[Opening The data section]

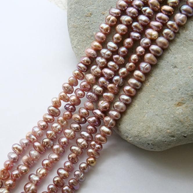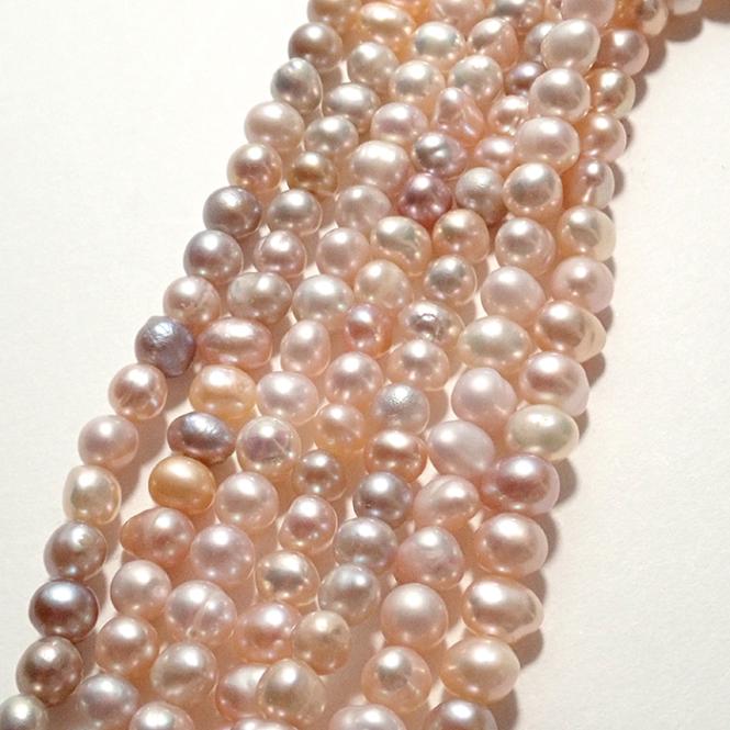 【227. ポテト型 淡水パール 連】約 6-6.5mm 1本(約40cm)セミラウンド ビーズ 国内発送 淡水真珠
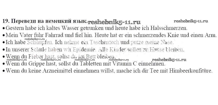 Готовая домашняя работа с ответами по Немецкому языку за 7 класс Радченко, Глушак Рабочая тетрадь Wunderkinder Просвещение 2012 ФГОС - Глава 4. Здоровье 19
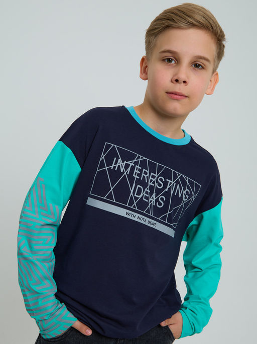 Лонгслив прямого силуэта для мальчика. На полочке и рукаве принт. Рукав втачной, длинный. Горловина обработана планкой. Состав:92% хлопок, 8% лайкра
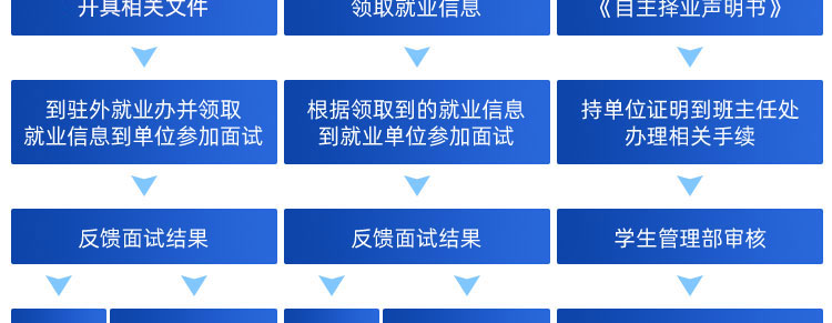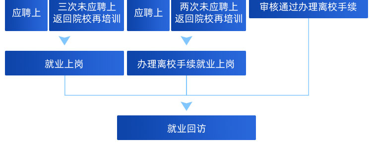 入职前对学生进行就业指导,入职后进行就业回访,关注学生的职场状态。
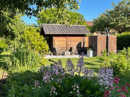 På husets baksida finner ni en lummig trädgård där det finns gott om plats för alla. Här finner ni även flera fruktträd. Uterum med matbord för upp till 10 personer, soldäck med loungesoffa och solstolar, grillplats, studsmatta, fotbollsmål och bastu med utedusch. Här kan ni njuta av frukost, lunch, aktiviteter och sena middagar.
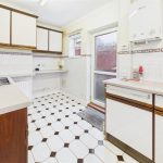 Fitted wall mounted base and drawer units with work surfaces and a sink and drainer unit. Fitted electric oven with gas hob, plumbing and space for a washing machine and further appliance spaces. Radiator 3 UPVC double glazed windows and a door to the side.
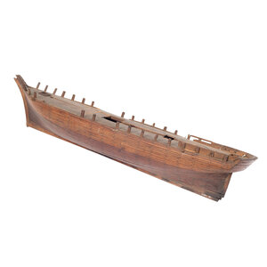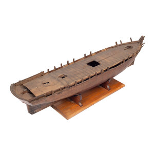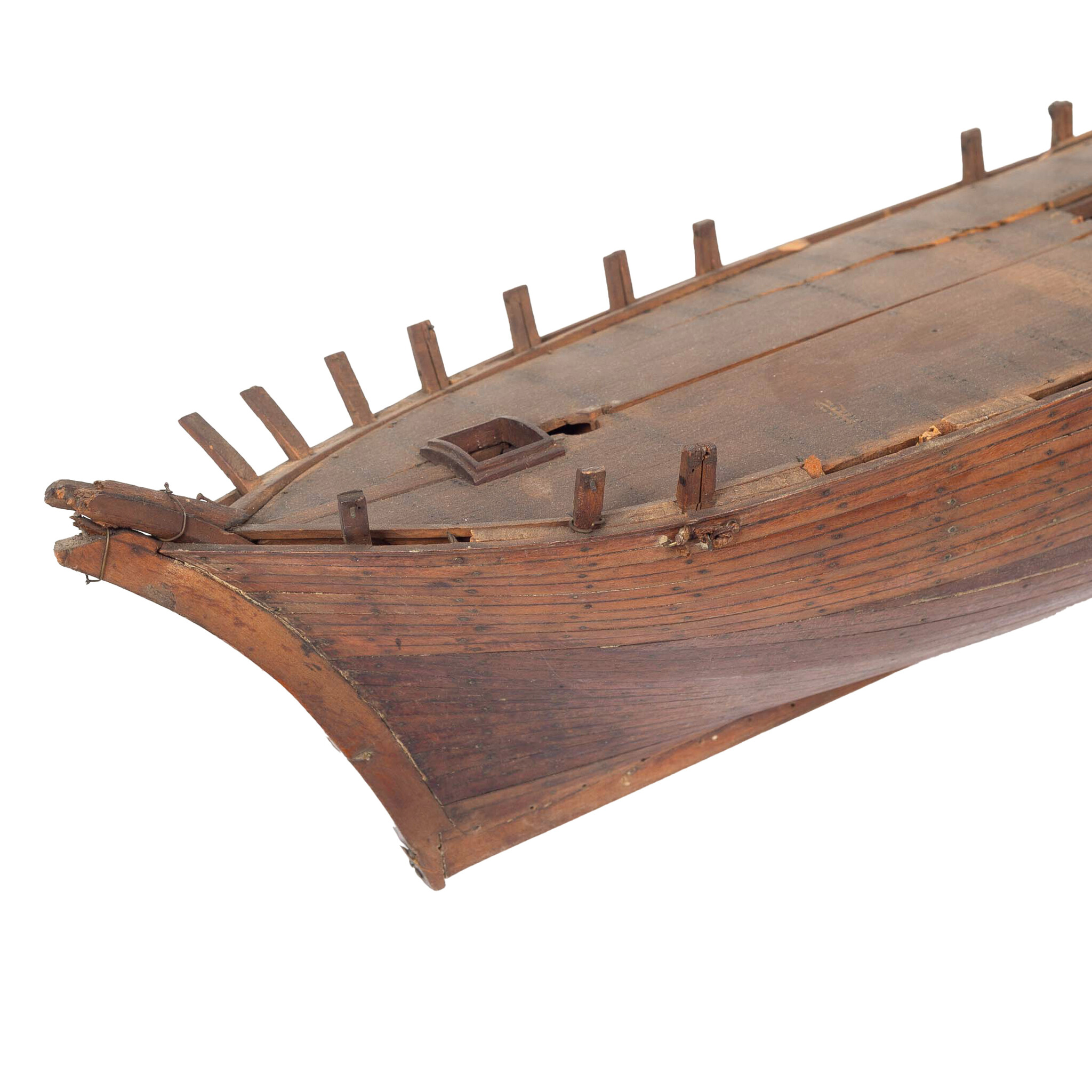 Houten rompmodel van een driemastschip met standaard. Zonder dekopbouw, masten of tuigage. Datering: midden negentiende eeuw. Conditie: incompleet, op diverse plekken beschadigd. Afmetingen: ca. 16 x 64 x 14,5 cm
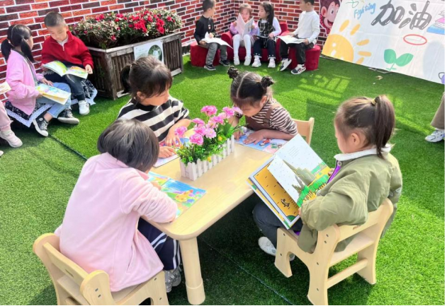 值得一提的是,此次活动还特别设置了草坪读书会。在年级组长的精心布置下,各班老师带领孩子们在草坪上享受阅读的快乐。这一活动不仅让孩子们亲近自然,还让他们在轻松愉悦的氛围中感受阅读的魅力。除了幼儿和家长的活动外,教师们也积极参与了读书会。由刘晓梅老师组织所有老师进行读书活动及分享,大家共同探讨教学理念、专业技能以及图画书阅读活动的组织能力。
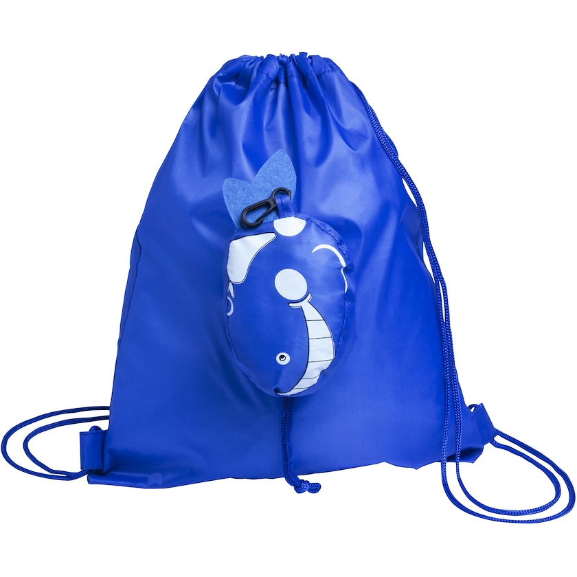 Kul gympapåse som får formen av ett djur när den dras ihop. Gympapåsen är försedd med en karbinhake av plast vilket gör att den lätt kan fästas på t ex ryggsäcken.
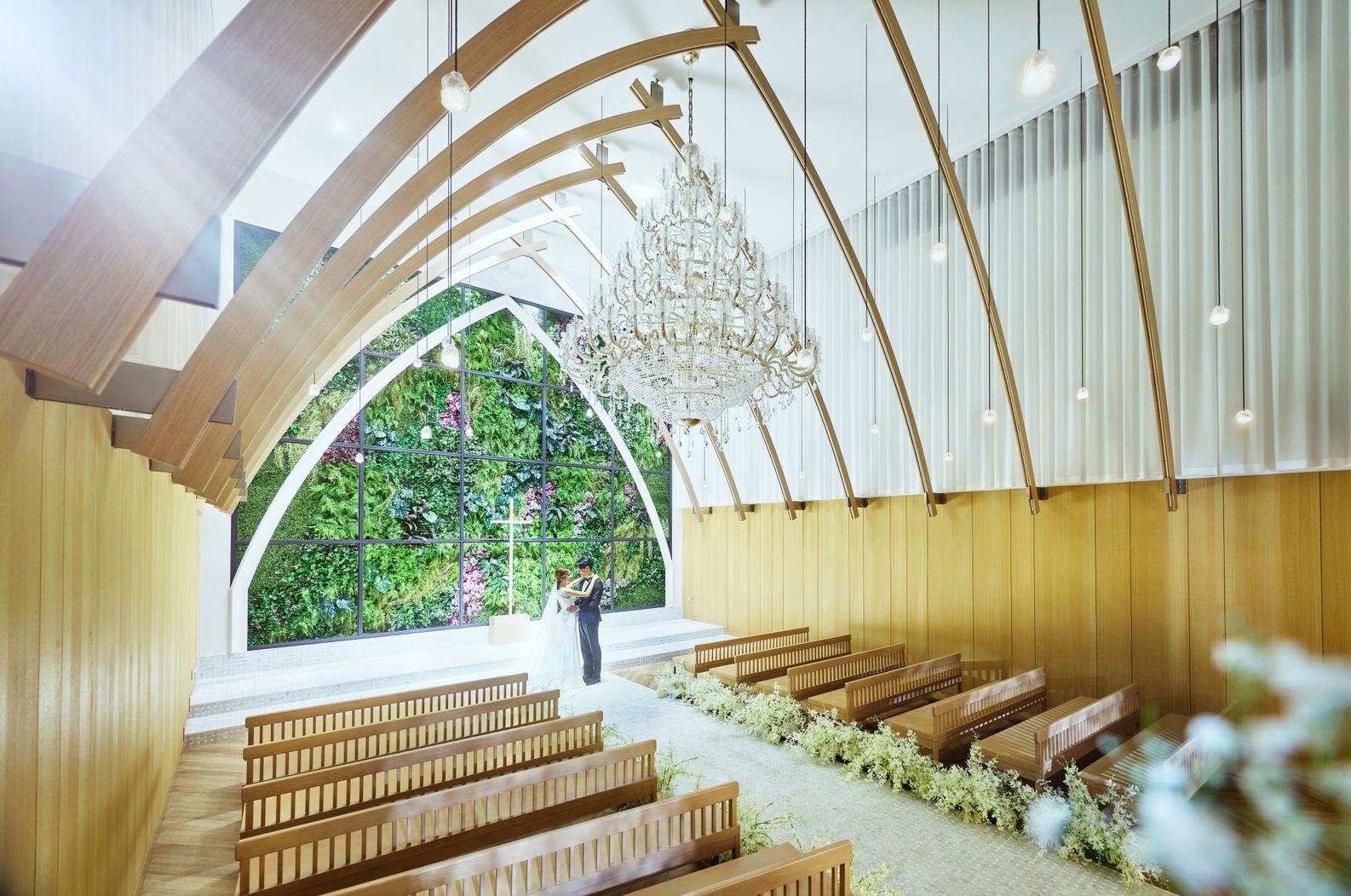 02.<チャペル>アーチ型天井に華麗なシャンデリアが煌めき、緑&光の中で花嫁が美しく映える
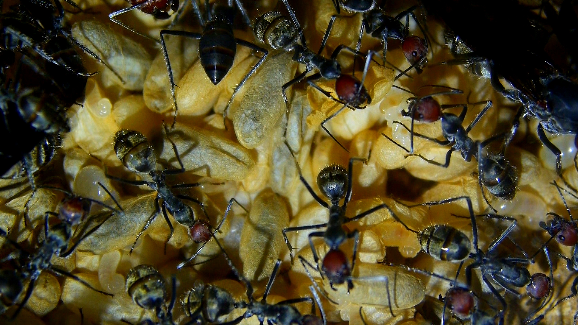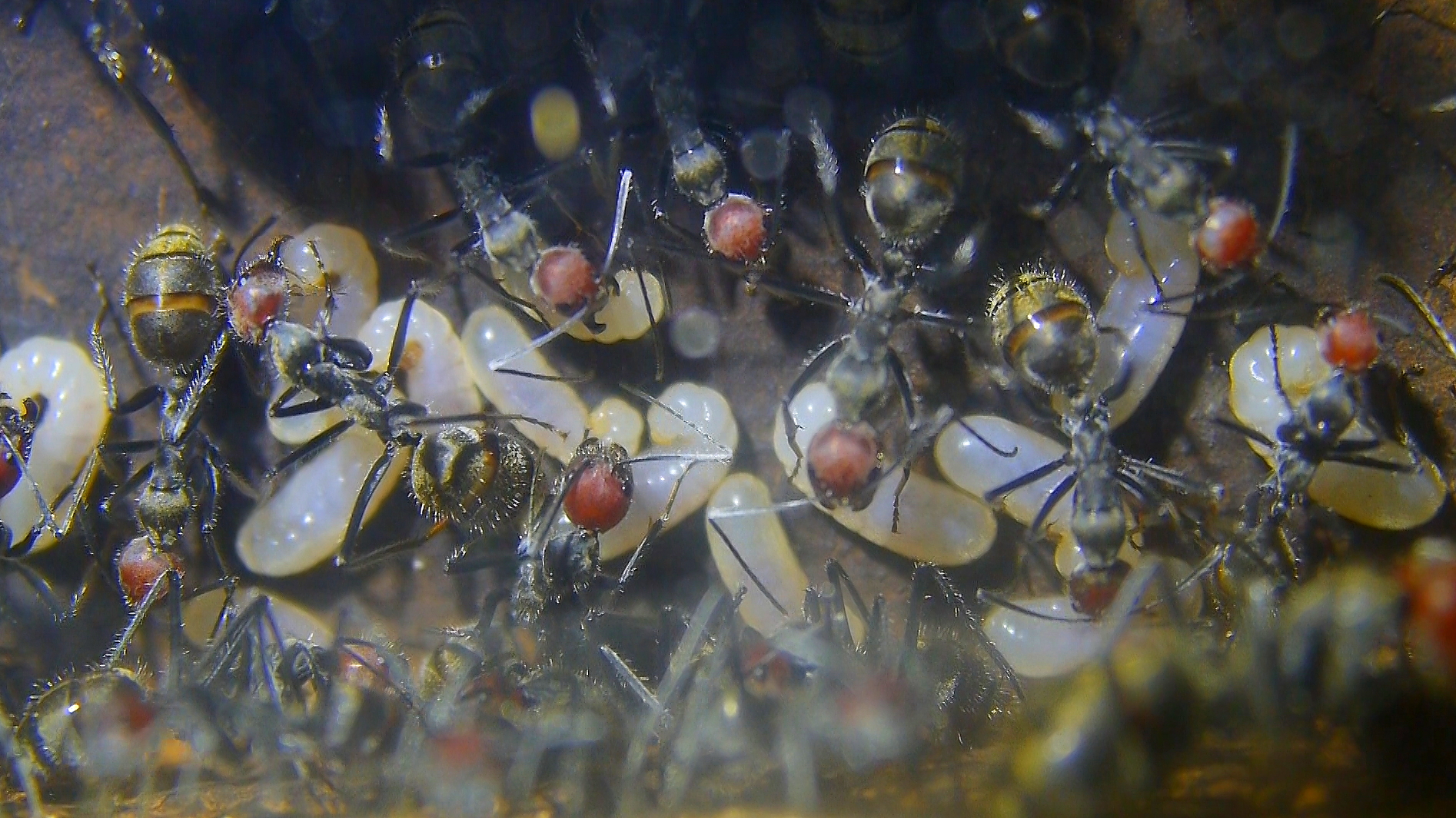 Derart viele Puppen und Larven waren noch nie zu beobachten über die vielen Jahre meiner Camponotus singularis Ameisenhaltung.
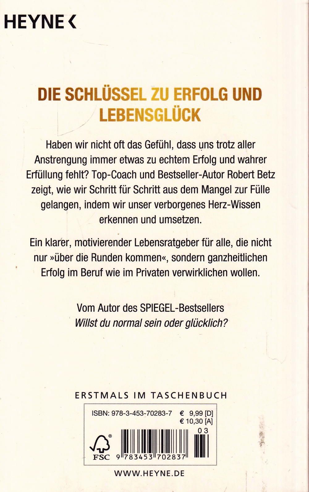 Robert Betz zeigt, wie wir solche Mangelzustände verwandeln - und Erfolg, Fülle und Erfüllung erschaffen und geniessen können. Dabei beschränkt er sich nicht nur auf die Ebene der Gedanken, sondern bezieht vor allem die emotionale und spirituelle Seite mit ein: das Wissen unseres Herzens. Wer lernt, auf sein Herz zu hören und ihm treu zu sein, wird erstaunt und dankbar grossartige Veränderungen in sich und seinem Leben erfahren.
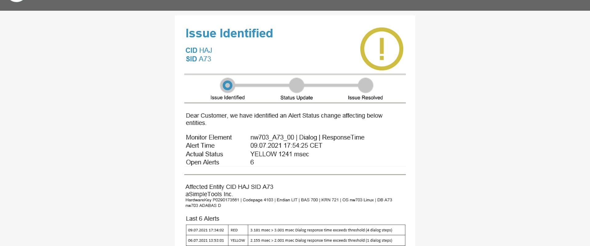 So you are always informed about the status of your SAP® systems. When the alarm status changes (green - yellow - red - yellow - green) you immediately receive an email - without complicated mail setup. If required, you can easily adapt the email templates to your needs.
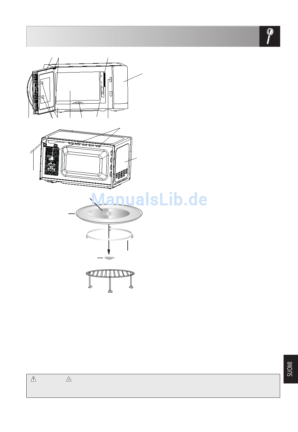 • Ruoka ja ruoka-astiat asetetaan aina pyörivälle kuumennusalustalle kypsennystä varten.
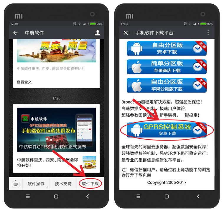 第1種方法:進(jìn)入中航軟件微信公眾平臺(tái),點(diǎn)擊右下角“軟件下載”--點(diǎn)擊“GPRS控制系統(tǒng)安卓下載”按鈕。使用瀏覽器打開(kāi),點(diǎn)擊下載,安裝完畢即可使用。
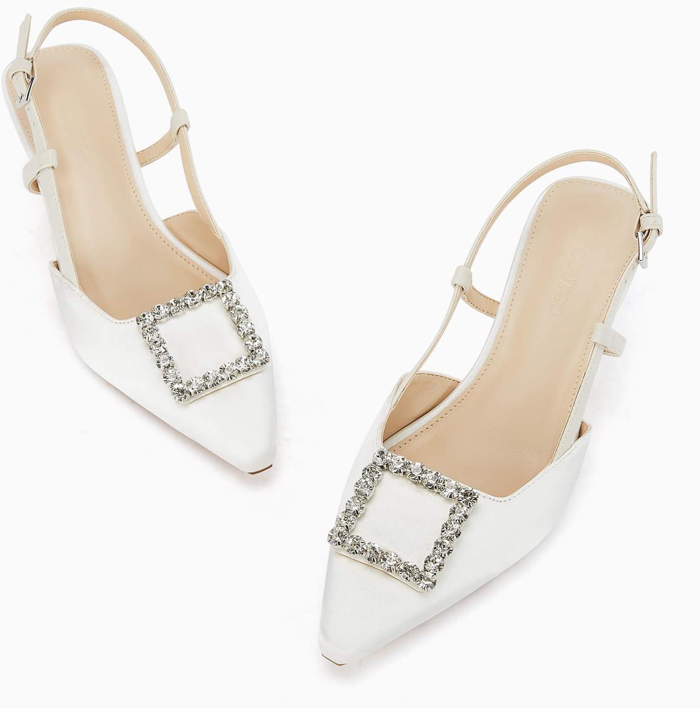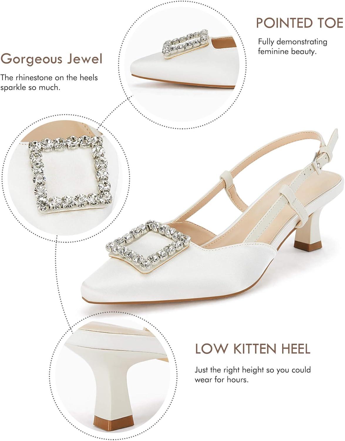 Coutgo Womens Slingback Low Kitten Heels Pumps Closed Pointed Toe Rhinestone Wedding Dress Shoes(Cream)
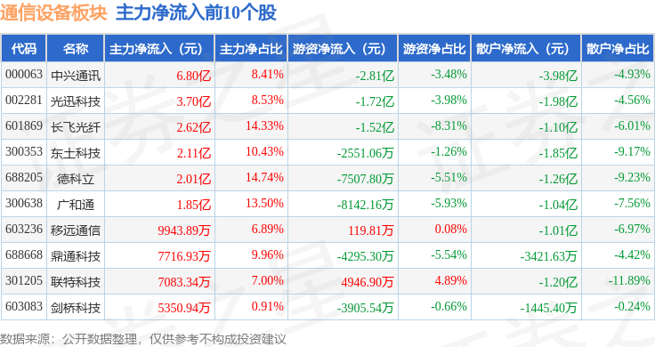 从资金流向上来看,当日通信设备板块主力资金净流出26.57亿元,游资资金净流入3.53亿元,散户资金净流入23.04亿元。通信设备板块个股资金流向见下表:
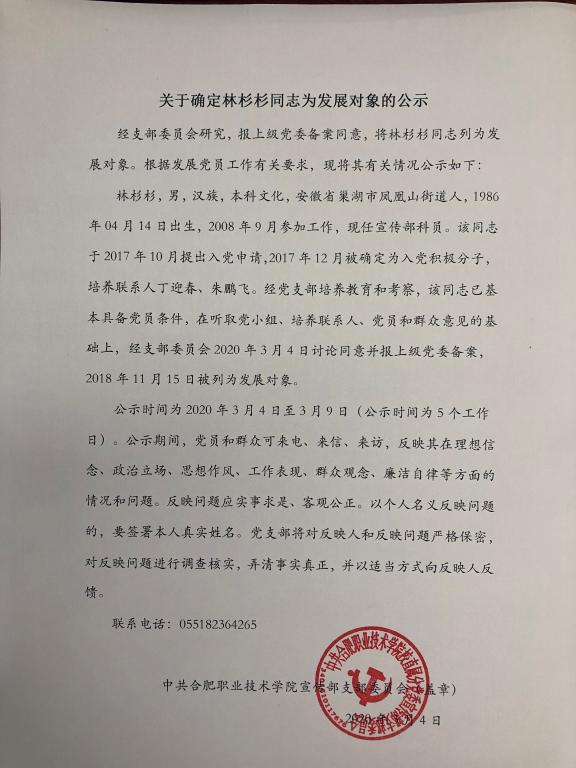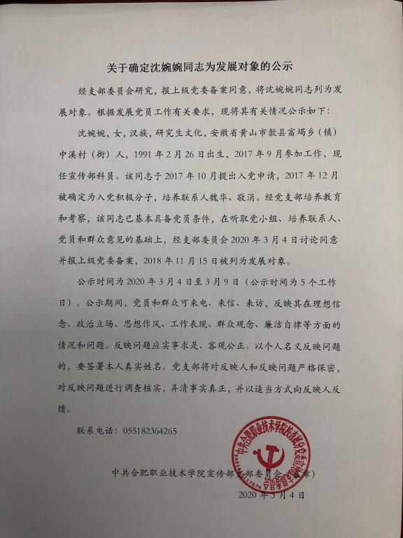 關于確定沈婉婉、林杉杉為發展對象的公示
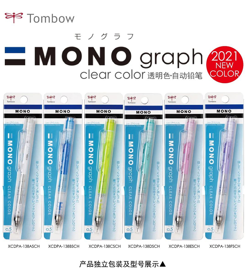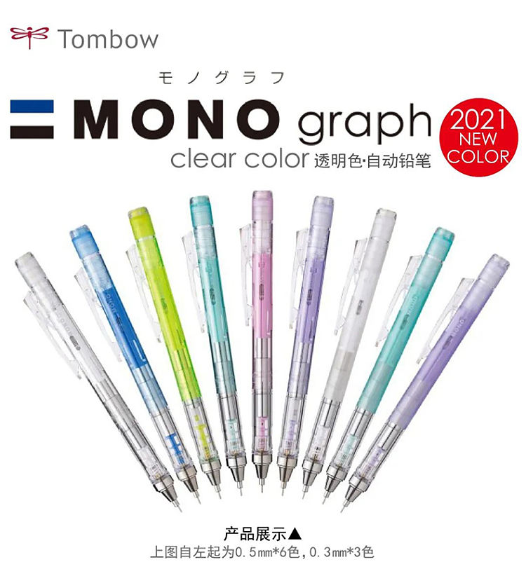 日本Tombow蜻蜓MONOgraph淡彩透明自动铅笔0.5mm透明紫色*2

[Closing The data section]

What is required :: From the first line to the last, repeat the listing exactly and skip its images.

Exercise output ::
 【227. ポテト型 淡水パール 連】約 6-6.5mm 1本(約40cm)セミラウンド ビーズ 国内発送 淡水真珠
 Готовая домашняя работа с ответами по Немецкому языку за 7 класс Радченко, Глушак Рабочая тетрадь Wunderkinder Просвещение 2012 ФГОС - Глава 4. Здоровье 19
 Лонгслив прямого силуэта для мальчика. На полочке и рукаве принт. Рукав втачной, длинный. Горловина обработана планкой. Состав:92% хлопок, 8% лайкра
 入职前对学生进行就业指导,入职后进行就业回访,关注学生的职场状态。
 På husets baksida finner ni en lummig trädgård där det finns gott om plats för alla. Här finner ni även flera fruktträd. Uterum med matbord för upp till 10 personer, soldäck med loungesoffa och solstolar, grillplats, studsmatta, fotbollsmål och bastu med utedusch. Här kan ni njuta av frukost, lunch, aktiviteter och sena middagar.
 Fitted wall mounted base and drawer units with work surfaces and a sink and drainer unit. Fitted electric oven with gas hob, plumbing and space for a washing machine and further appliance spaces. Radiator 3 UPVC double glazed windows and a door to the side.
 Houten rompmodel van een driemastschip met standaard. Zonder dekopbouw, masten of tuigage. Datering: midden negentiende eeuw. Conditie: incompleet, op diverse plekken beschadigd. Afmetingen: ca. 16 x 64 x 14,5 cm
 值得一提的是,此次活动还特别设置了草坪读书会。在年级组长的精心布置下,各班老师带领孩子们在草坪上享受阅读的快乐。这一活动不仅让孩子们亲近自然,还让他们在轻松愉悦的氛围中感受阅读的魅力。除了幼儿和家长的活动外,教师们也积极参与了读书会。由刘晓梅老师组织所有老师进行读书活动及分享,大家共同探讨教学理念、专业技能以及图画书阅读活动的组织能力。
 Kul gympapåse som får formen av ett djur när den dras ihop. Gympapåsen är försedd med en karbinhake av plast vilket gör att den lätt kan fästas på t ex ryggsäcken.
 02.<チャペル>アーチ型天井に華麗なシャンデリアが煌めき、緑&光の中で花嫁が美しく映える
 Derart viele Puppen und Larven waren noch nie zu beobachten über die vielen Jahre meiner Camponotus singularis Ameisenhaltung.
 Robert Betz zeigt, wie wir solche Mangelzustände verwandeln - und Erfolg, Fülle und Erfüllung erschaffen und geniessen können. Dabei beschränkt er sich nicht nur auf die Ebene der Gedanken, sondern bezieht vor allem die emotionale und spirituelle Seite mit ein: das Wissen unseres Herzens. Wer lernt, auf sein Herz zu hören und ihm treu zu sein, wird erstaunt und dankbar grossartige Veränderungen in sich und seinem Leben erfahren.
 So you are always informed about the status of your SAP® systems. When the alarm status changes (green - yellow - red - yellow - green) you immediately receive an email - without complicated mail setup. If required, you can easily adapt the email templates to your needs.
 • Ruoka ja ruoka-astiat asetetaan aina pyörivälle kuumennusalustalle kypsennystä varten.
 第1種方法:進(jìn)入中航軟件微信公眾平臺(tái),點(diǎn)擊右下角“軟件下載”--點(diǎn)擊“GPRS控制系統(tǒng)安卓下載”按鈕。使用瀏覽器打開(kāi),點(diǎn)擊下載,安裝完畢即可使用。
 Coutgo Womens Slingback Low Kitten Heels Pumps Closed Pointed Toe Rhinestone Wedding Dress Shoes(Cream)
 从资金流向上来看,当日通信设备板块主力资金净流出26.57亿元,游资资金净流入3.53亿元,散户资金净流入23.04亿元。通信设备板块个股资金流向见下表:
 關于確定沈婉婉、林杉杉為發展對象的公示
 日本Tombow蜻蜓MONOgraph淡彩透明自动铅笔0.5mm透明紫色*2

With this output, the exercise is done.